◆ Records for this exercise:

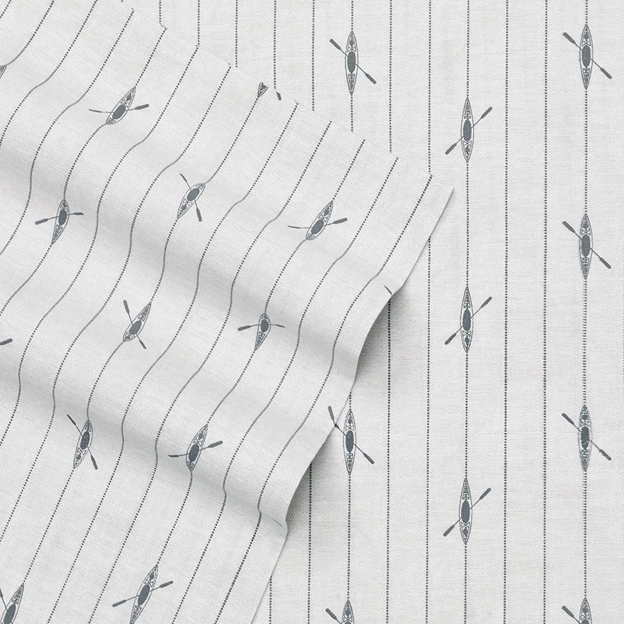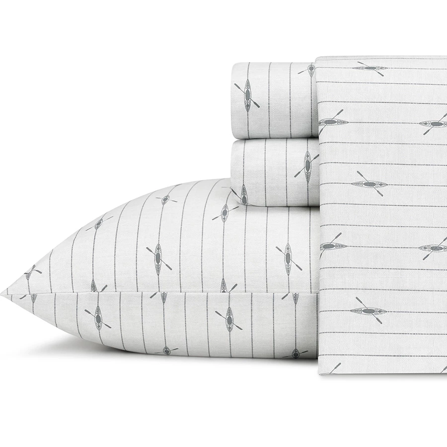 Eddie Bauer Downstream sheet set offers durability and comfort. The sheet set has printed kyak and stripe design in grey on an ivory background. Sheets are 100% percale cotton with a 200 thread count for superior softness. Combine with a new Eddie Bauer bedding set or with your existing bedding. Let the comfort of the percale cotton ease you into a restful night’s sleep.
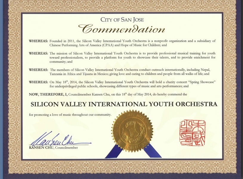 Silicon Valley Youth Orchestra (SVYO) founded in 2011, is a nonprofit organization and subsidiary of Hope of Music for Children Foundation. The mission of SVYO is to provide professional musical training for youth, to create a platform for the youth to showcase their talents, and to foster musical and cultural enrichment for the community. SVYO also dedicated to improving children’s educational issues through music. Over the past couple of years, SVYO has provided educational opportunities for unprivileged children and conduct outreach to international locations, including Nepal, Tanzania Africa and Tijuana in Mexico, giving love and care to children and people from all walks of life.
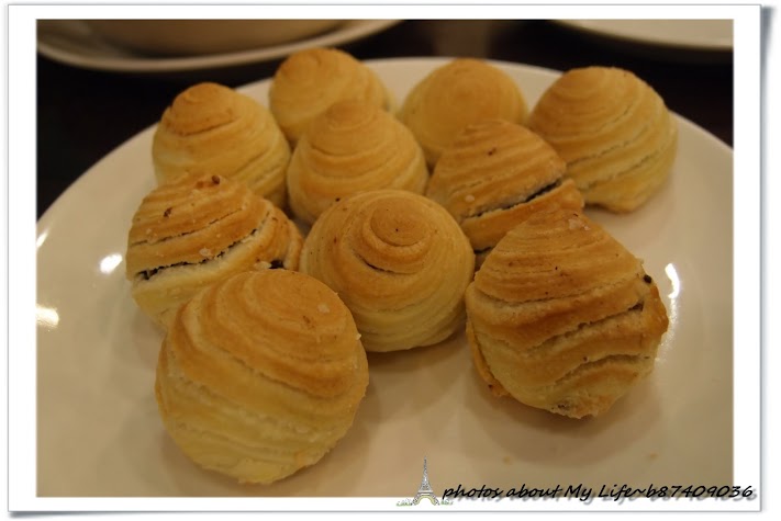 外層就像港式酥餅一圈圈地堆疊 一口咬下油油酥酥 原以為是豆沙餡 沒想到卻是濃濃芝麻味
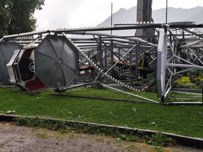 LECCO – La ruota panoramica ‘lascia’ il lungolago. Da ieri mattina, mercoledì, gli operai sono al lavoro per la rimozione dei resti dell’attrazione, crollata al suolo dopo la violenta ondata di maltempo che aveva colpito il territorio lo scorso 21 giugno (leggi qui). Nessun ferito, fortunatamente, ma solo danni e i ‘resti’ della ruota a terra in Riva Martiri delle Foibe, davanti al Monumento dei Caduti.
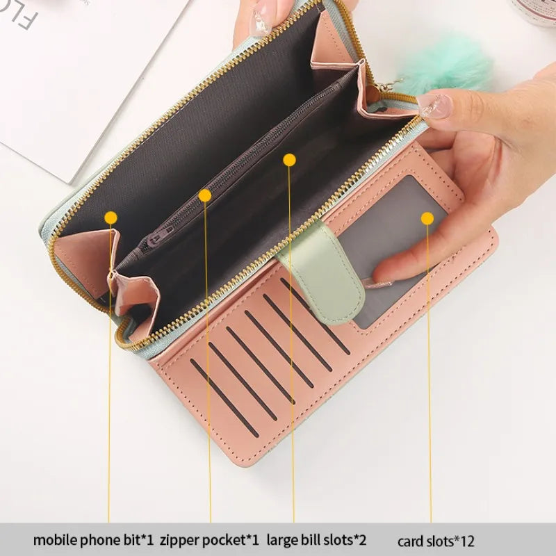 Women Long Wallet Pu Leather Card Holder Large Capacity Hasp Zipper Coin Purse Multi Card Organizer Cell Phone Wristlet Handbag
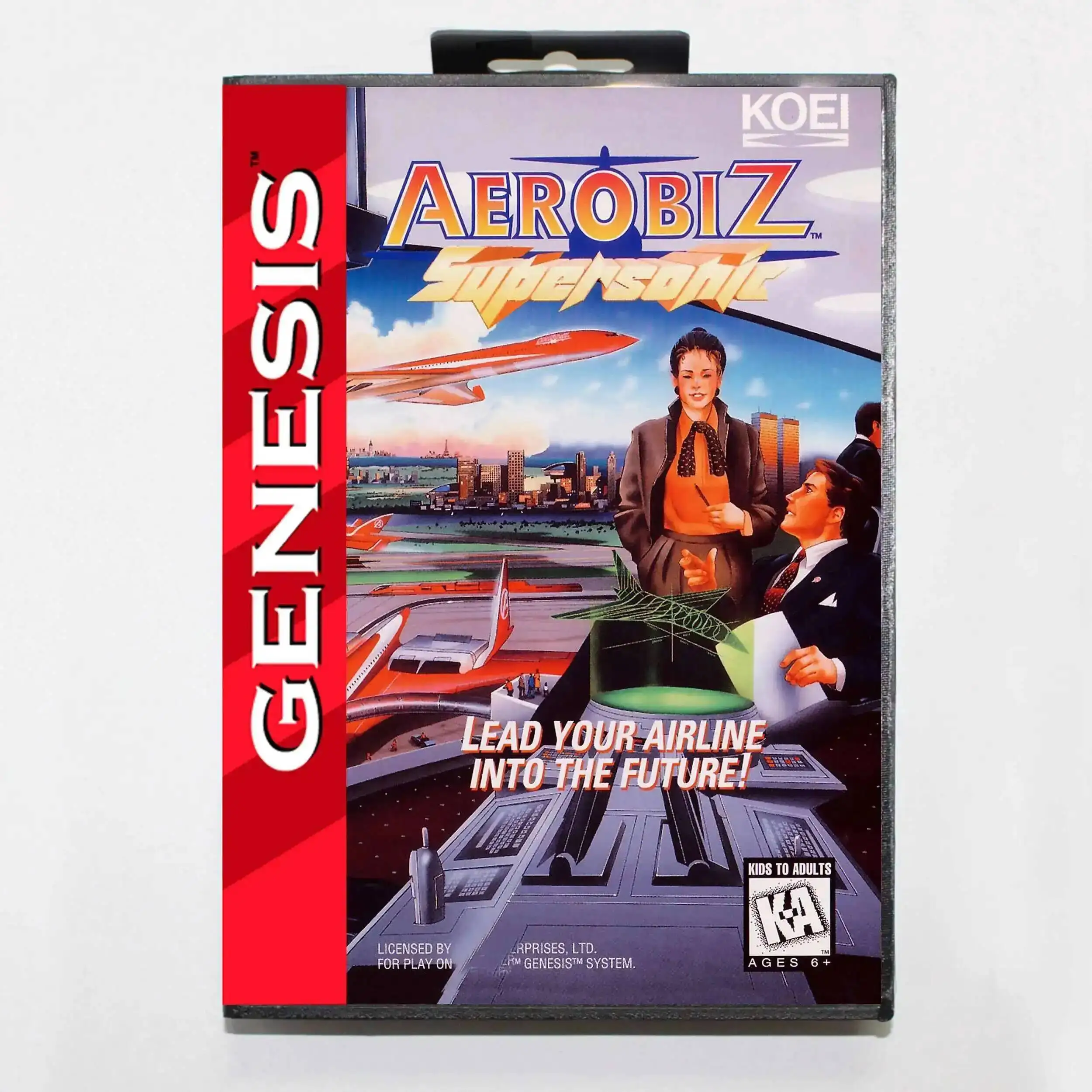 Aerobiz Supersonic NTSC-U MD Game Card with Box for 16 Bit Sega Megadrive Genesis System
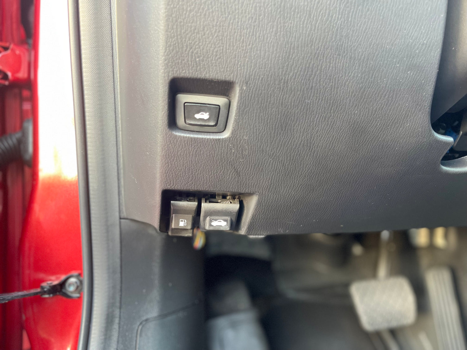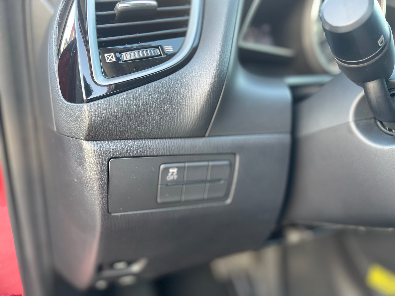 -leather-wrapped steering wheel with red stitching
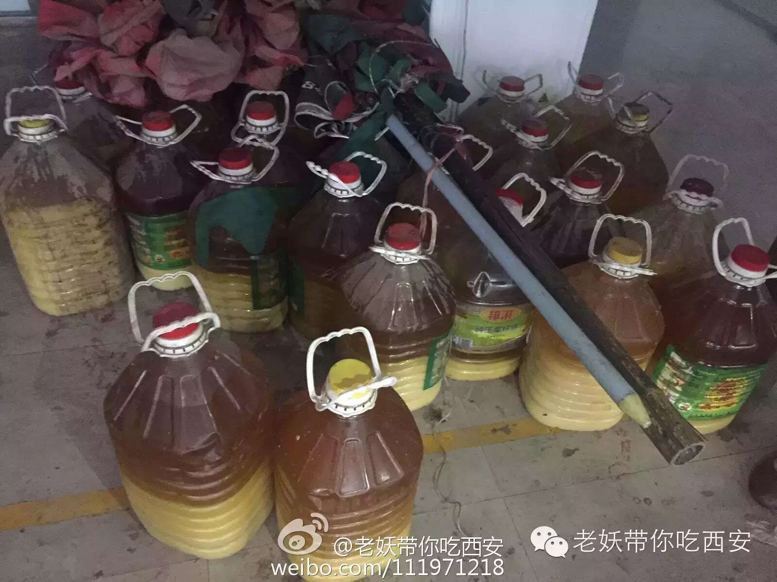 到下午五点多时有回民街的人发说明:油是马德全家的鸡油,拆了他家违建棚子,图中显示的油是他在搬家的过程中放在路边的,并非是查收的,而图中门头中的马峰腊牛肉店明显是躺枪了。

◆ What the exercise asks: Reproduce the records above from their first line to the line bearing "Women Long Wallet", both ends included, leaving every picture out.

◆ Task answer:
 Eddie Bauer Downstream sheet set offers durability and comfort. The sheet set has printed kyak and stripe design in grey on an ivory background. Sheets are 100% percale cotton with a 200 thread count for superior softness. Combine with a new Eddie Bauer bedding set or with your existing bedding. Let the comfort of the percale cotton ease you into a restful night’s sleep.
 Silicon Valley Youth Orchestra (SVYO) founded in 2011, is a nonprofit organization and subsidiary of Hope of Music for Children Foundation. The mission of SVYO is to provide professional musical training for youth, to create a platform for the youth to showcase their talents, and to foster musical and cultural enrichment for the community. SVYO also dedicated to improving children’s educational issues through music. Over the past couple of years, SVYO has provided educational opportunities for unprivileged children and conduct outreach to international locations, including Nepal, Tanzania Africa and Tijuana in Mexico, giving love and care to children and people from all walks of life.
 外層就像港式酥餅一圈圈地堆疊 一口咬下油油酥酥 原以為是豆沙餡 沒想到卻是濃濃芝麻味
 LECCO – La ruota panoramica ‘lascia’ il lungolago. Da ieri mattina, mercoledì, gli operai sono al lavoro per la rimozione dei resti dell’attrazione, crollata al suolo dopo la violenta ondata di maltempo che aveva colpito il territorio lo scorso 21 giugno (leggi qui). Nessun ferito, fortunatamente, ma solo danni e i ‘resti’ della ruota a terra in Riva Martiri delle Foibe, davanti al Monumento dei Caduti.
 Women Long Wallet Pu Leather Card Holder Large Capacity Hasp Zipper Coin Purse Multi Card Organizer Cell Phone Wristlet Handbag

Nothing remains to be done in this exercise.